Трудно, конечно, профессор. Трудно. Ну а «бате», Алешке Горскому, Мухтару Алиеву — им на причалах было легко?..
— Чудной вы, как погляжу, — не выдержал водитель. — Буря уже вовсю. А вы хоть бы слово.
— Разве еще далеко?
— Далеко-то оно, может, и не далеко, да только в такую погоду… Места здесь особенные.
— Чем же они особенные?
— Ветры случаются лесоломные. Налетают из-за горы, и начинается светопреставление. Метет, как в пустыне. Только треск стоит. Бурелому тут видимо-невидимо. Старики говорят, будто это земля человеку отпор дает. Чтоб не тревожил он железные клады.
Водитель вдруг резко повернул баранку, отчаянно нажал на тормоз. Машину занесло, развернуло. Лязгнули цепи.

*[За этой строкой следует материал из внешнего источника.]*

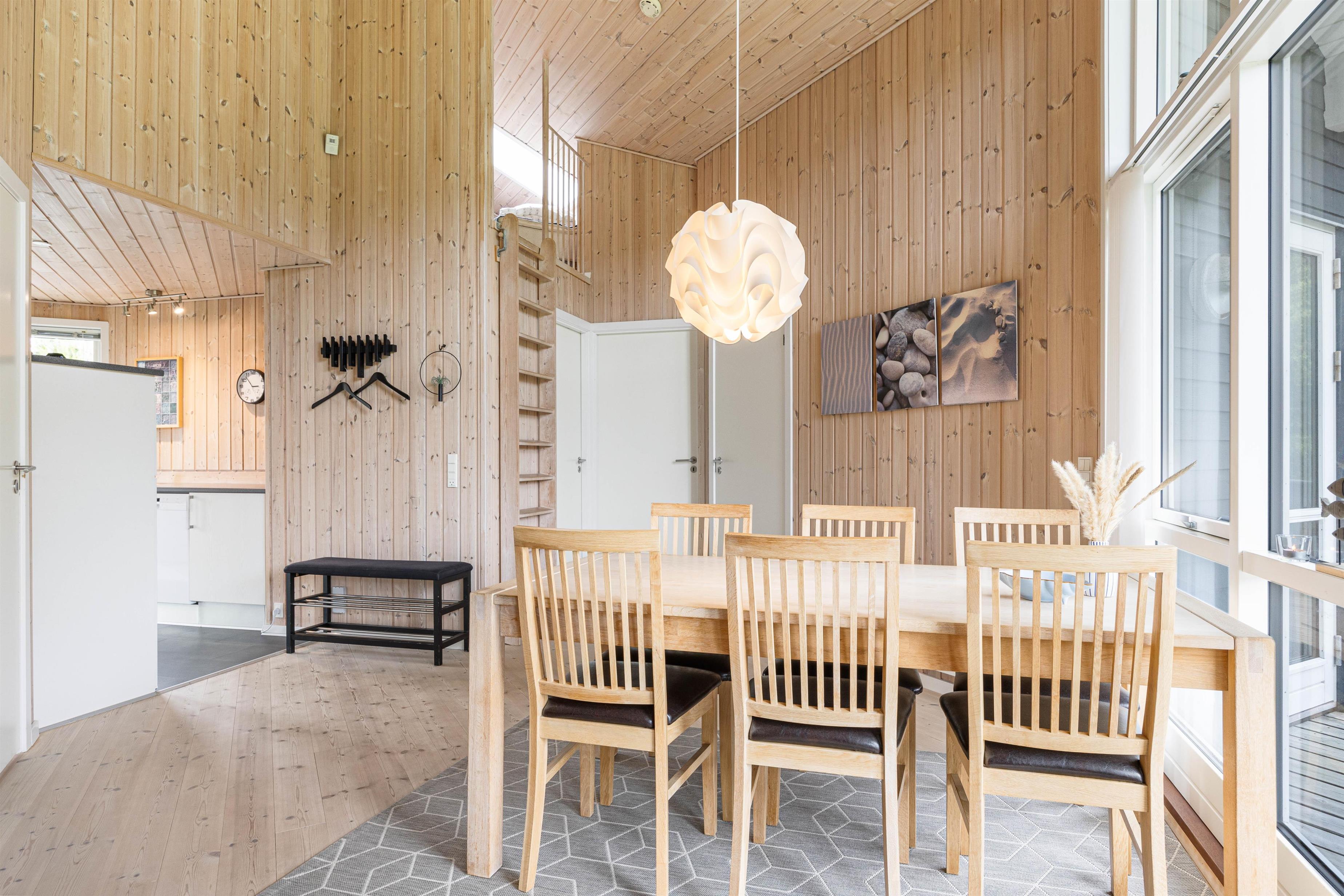 Lige så snart I træder ind i dette velindrettede sommerhus, bliver I mødt af en klassisk og hyggelig sommerhusstemning, og et åbent køkkenalrum, som gør at hele familien kan være samlet, uanset om I står i køkkenet og tilbereder et lækkert måltid, eller om I sidder ved spisebordet og planlægger feriens næste aktiviteter.

Что-то сломав на пути, самосвал еще немного продвинулся боком и наконец встал поперек дороги.
— Ну, началось! — Шофер с трудом распахнул дверцу и, прикрывая глаза ладонью, прыгнул в темноту.
В кабину ворвался ветер. В лицо хлестнула перемешанная с хвоей пыль. На зубах заскрипел песок.

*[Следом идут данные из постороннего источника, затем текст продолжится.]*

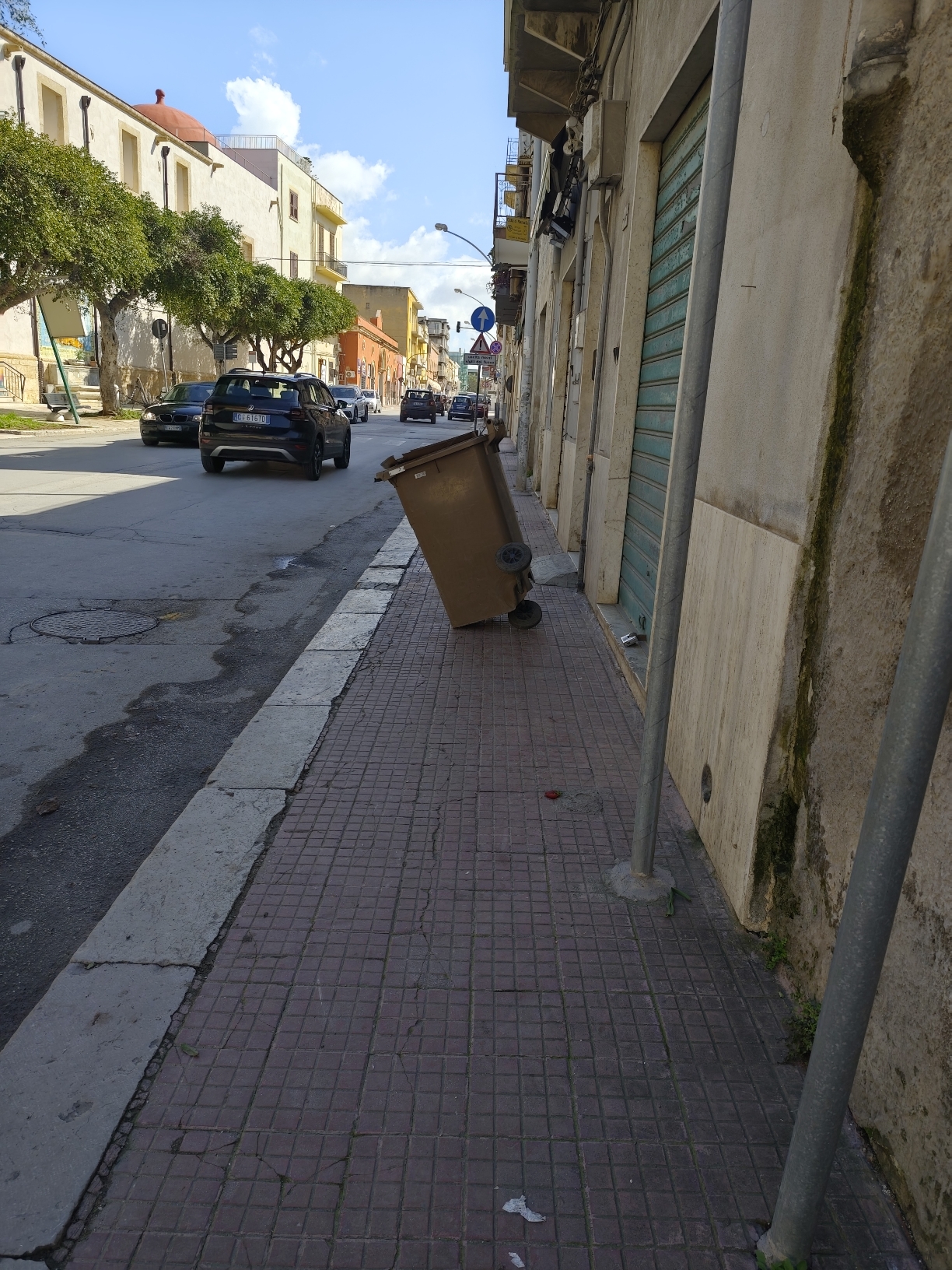 «È inaccettabile – scrive un lettore di tp4 – che in una città civile si debba camminare in mezzo alla strada perché i marciapiedi sono occupati da chi non ha rispetto né delle regole né degli altri». Il riferimento è in particolare a un grosso bidone dei rifiuti posizionato proprio al centro del passaggio pedonale, oltre alle consuete auto parcheggiate in sosta vietata. Un problema di inciviltà, certo, ma anche di gestione del decoro urbano.

Пересилив боль, Нарожный последовал за шофером.
Им загородила дорогу рухнувшая сосна. Над землею торчали ее могучие иглистые ветви. Яростно их раскачивал ветер. А вокруг разноголосо и протяжно стонала тайга.

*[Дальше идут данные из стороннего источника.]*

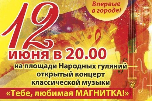 На площади Народных гуляний 12 июня в 20.00 состоится первый открытый концерт классической музыки «Тебе, любимая Магнитка!», посвященный празднованию 85-летия Магнитогорска.

— К складу прямиком не прорваться! — наклонился к Нарожному водитель. — Надо пробиваться с фланга.
Фланговый рейд оказался не легче. Через полкилометра им снова перерезал дорогу завал. Уже вовсю бушевала гроза. По черному небу метались молнии. Но было по-прежнему сухо и душно.
Вонзая в дерево топор, Нарожный то и дело поглядывал на шофера. Парень, видать, только сейчас сообразил, почему его так торопили с этим «химическим» рейсом. Просмоленные ветви. Сухая, как порох, хвоя. Дикая, неистовая гроза…
— Еще километр — и порядок! — крикнул водитель. — Тут, за поворотом, сторожка… Спуск небольшой… Товарищ, вы что?! Товарищ лейтенант!
— Ничего, брат… ты жми… — непослушными губами прошептал Нарожный, чувствуя, будто якорной цепью сдавило грудь. — Это, брат, сердце… Сейчас отойдет…
Он уже не слышал, как снова и снова врезался в завал топор, как выл, надрываясь, ветер и хлестали по кузову ветви, как самосвал наконец затормозил у небольшой сторожки, в окне которой слабо мерцал огонек.
ПЕСЧАНЫЙ МЫС
В два часа ночи над корпусами раздался сигнал тревоги. Взревела, заглохла на миг и снова взвилась на предельной ноте хриплая от натуги сирена. Басовито зарычали забиваемые ветром гудки.
Третья бригада торопливо принялась натягивать еще не просохшие с вечера робы. Захлопала дверь времянки. Высыпали из соседнего барака арматурщики.
Далеко-далеко, за восточными склонами Карганач-горы, узкая полоска неба была подкрашена огненным заревом. Оно разлилось по всему горизонту. Вспышками-сполохами поднималось ввысь светящееся палевое сияние.
Лет шестьдесят назад огненная лавина дотла испепелила здесь поселение староверов. С той поры и считали эти места проклятыми, гиблыми для человека.
Пожар пока еще далеко. Но в такую бурю верховое пламя несется с реактивной скоростью. С каждой минутой оно набирает силу, все стремительней приближается к стройке.
На том берегу тайга совсем рядом с насосной станцией. Тут же пакгаузы, погрузо-разгрузочная база. Битум, древесина, горючее…
— Сергей! — подбежал Юсупов. — С главного пульта звонили: стройка в опасности…
— Дороги в завалах! — зло взъерошил чуб Шестаков. — На лесовозе не проскочить.